═════ DATASET CONTENT ═════
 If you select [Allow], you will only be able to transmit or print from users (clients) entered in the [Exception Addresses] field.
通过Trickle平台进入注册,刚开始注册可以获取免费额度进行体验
═════
═════ DATASET CONTENT ═════
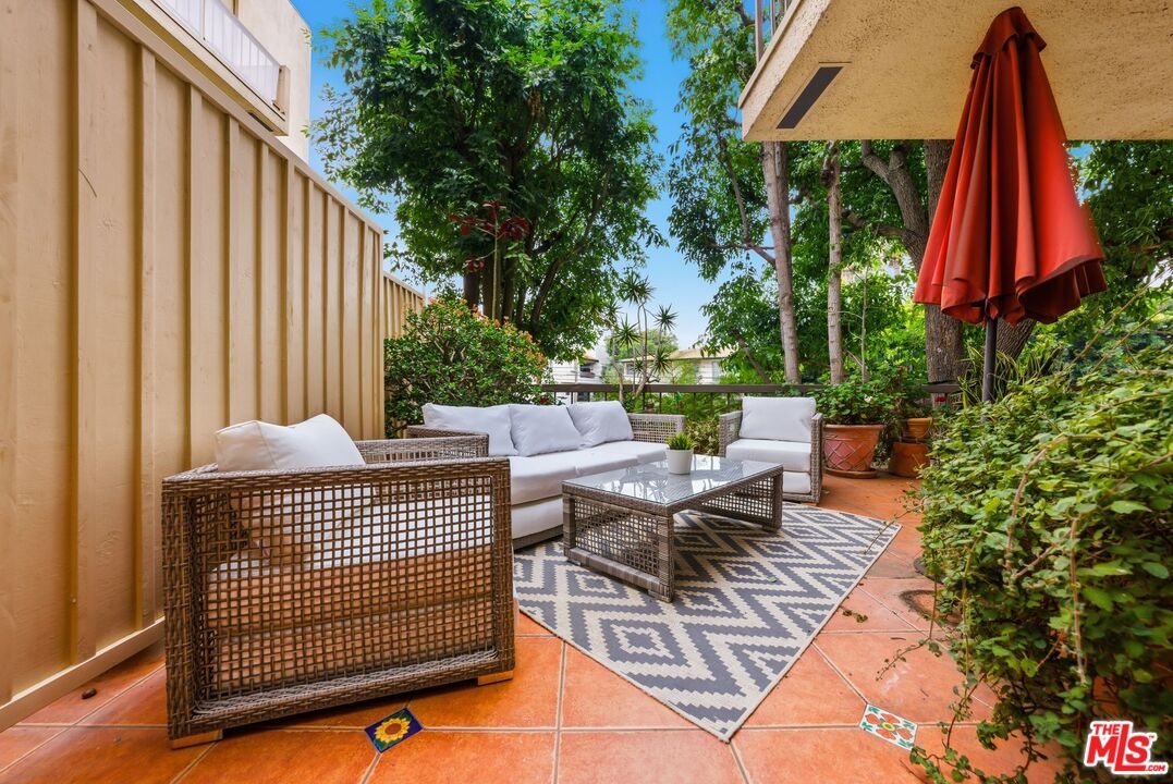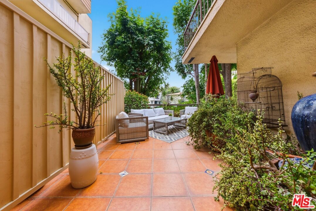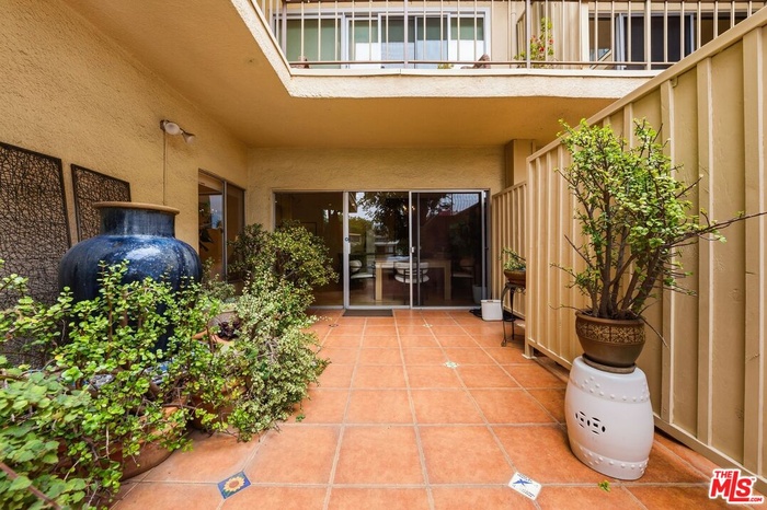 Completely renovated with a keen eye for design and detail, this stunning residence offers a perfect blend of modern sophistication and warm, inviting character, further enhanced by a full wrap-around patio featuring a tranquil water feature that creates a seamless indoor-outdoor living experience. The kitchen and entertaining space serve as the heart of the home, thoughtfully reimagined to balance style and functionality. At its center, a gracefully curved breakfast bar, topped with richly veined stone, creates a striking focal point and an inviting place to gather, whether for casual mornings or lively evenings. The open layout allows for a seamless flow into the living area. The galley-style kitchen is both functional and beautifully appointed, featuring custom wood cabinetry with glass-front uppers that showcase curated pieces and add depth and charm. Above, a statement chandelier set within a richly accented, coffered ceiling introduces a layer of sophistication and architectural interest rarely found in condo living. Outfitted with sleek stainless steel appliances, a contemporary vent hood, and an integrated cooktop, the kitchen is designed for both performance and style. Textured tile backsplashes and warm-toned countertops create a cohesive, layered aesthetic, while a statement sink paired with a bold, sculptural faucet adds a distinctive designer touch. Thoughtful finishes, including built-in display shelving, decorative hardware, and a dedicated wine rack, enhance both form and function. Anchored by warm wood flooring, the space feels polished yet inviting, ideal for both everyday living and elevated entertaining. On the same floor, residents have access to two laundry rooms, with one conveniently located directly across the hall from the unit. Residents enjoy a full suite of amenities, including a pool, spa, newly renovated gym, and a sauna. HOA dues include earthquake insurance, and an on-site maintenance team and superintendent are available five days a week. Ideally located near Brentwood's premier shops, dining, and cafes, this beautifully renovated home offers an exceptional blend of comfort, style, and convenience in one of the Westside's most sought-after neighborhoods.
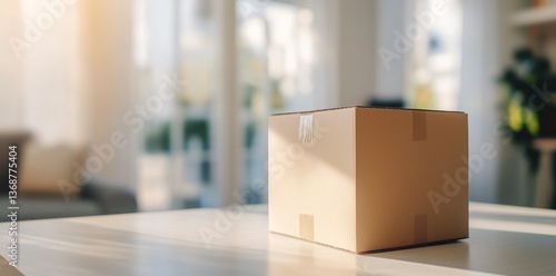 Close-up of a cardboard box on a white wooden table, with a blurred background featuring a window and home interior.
═════
═════ DATASET CONTENT ═════
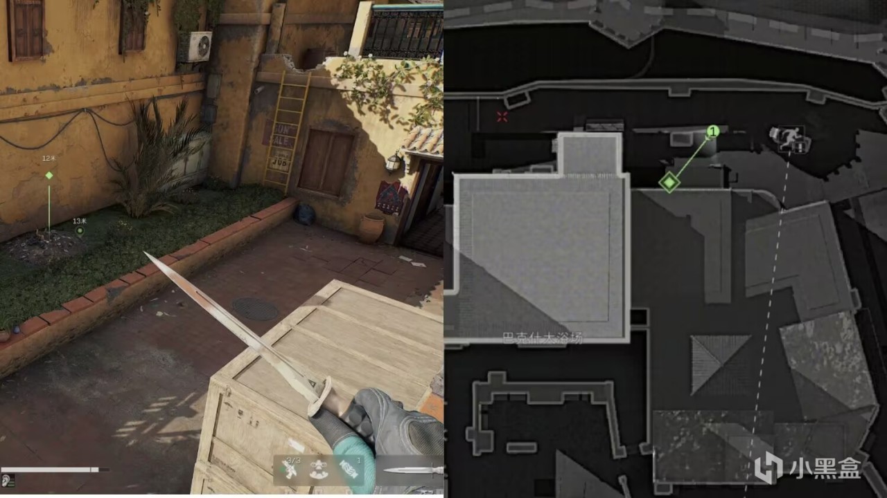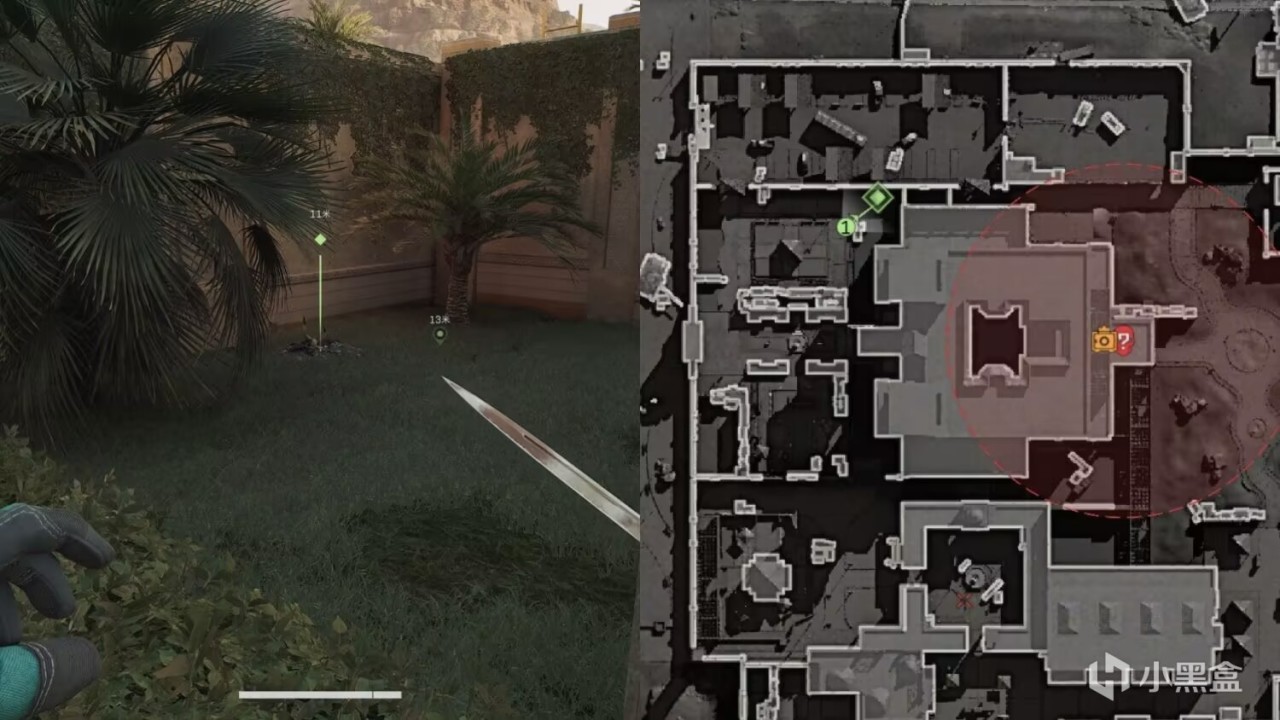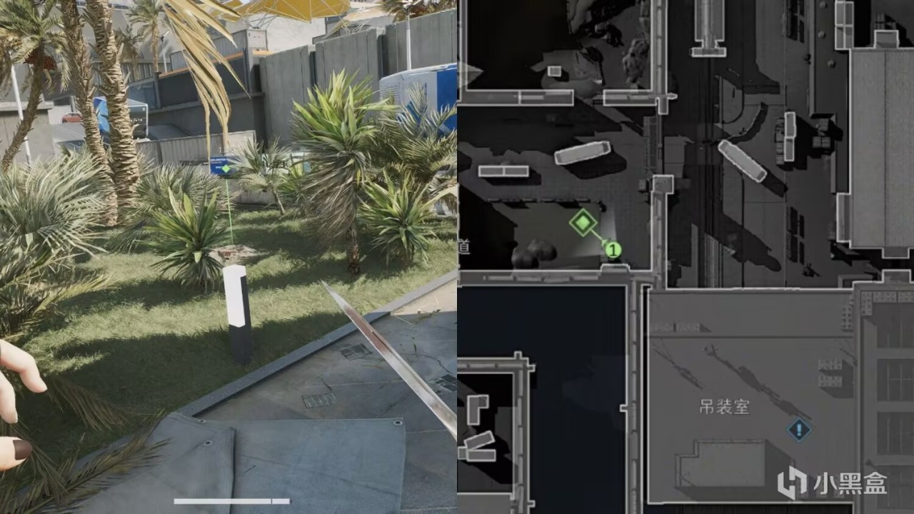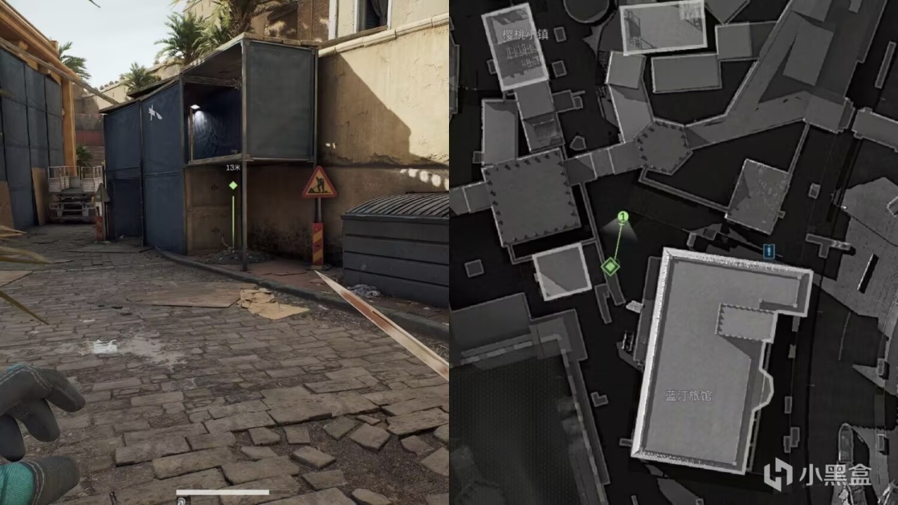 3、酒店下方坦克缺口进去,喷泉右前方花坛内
═════
* WHAT IS EXPECTED: Within the listing above, give again exactly every line from the line with "If you select" through the line with "通过Trickle平台进入注册,刚开始注册可以获取免费额度进行体验", both included, and no other line.

* RESPONSE BOX:
 If you select [Allow], you will only be able to transmit or print from users (clients) entered in the [Exception Addresses] field.
通过Trickle平台进入注册,刚开始注册可以获取免费额度进行体验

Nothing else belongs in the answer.